Exercise material.
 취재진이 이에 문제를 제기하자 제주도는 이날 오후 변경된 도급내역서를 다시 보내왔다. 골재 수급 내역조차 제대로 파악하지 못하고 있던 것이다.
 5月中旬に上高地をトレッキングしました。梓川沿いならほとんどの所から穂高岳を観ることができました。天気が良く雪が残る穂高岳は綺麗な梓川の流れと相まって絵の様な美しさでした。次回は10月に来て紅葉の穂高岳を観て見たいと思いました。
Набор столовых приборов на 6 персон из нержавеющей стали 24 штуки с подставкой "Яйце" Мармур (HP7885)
==
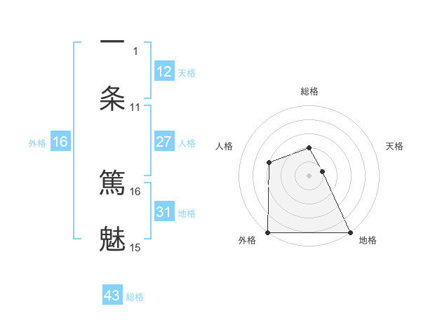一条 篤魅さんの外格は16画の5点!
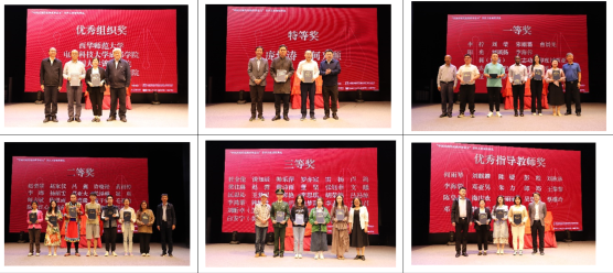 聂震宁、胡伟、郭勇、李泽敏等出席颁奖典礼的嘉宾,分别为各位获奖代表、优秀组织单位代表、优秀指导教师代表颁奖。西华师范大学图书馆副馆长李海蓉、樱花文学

Exercise aim. All lines in the listing above between the line with "취재진이 이에 문제를" and the line with "Набор столовых приборов", inclusive, should be set down exactly, and no line outside that range.

Output below.
 취재진이 이에 문제를 제기하자 제주도는 이날 오후 변경된 도급내역서를 다시 보내왔다. 골재 수급 내역조차 제대로 파악하지 못하고 있던 것이다.
 5月中旬に上高地をトレッキングしました。梓川沿いならほとんどの所から穂高岳を観ることができました。天気が良く雪が残る穂高岳は綺麗な梓川の流れと相まって絵の様な美しさでした。次回は10月に来て紅葉の穂高岳を観て見たいと思いました。
Набор столовых приборов на 6 персон из нержавеющей стали 24 штуки с подставкой "Яйце" Мармур (HP7885)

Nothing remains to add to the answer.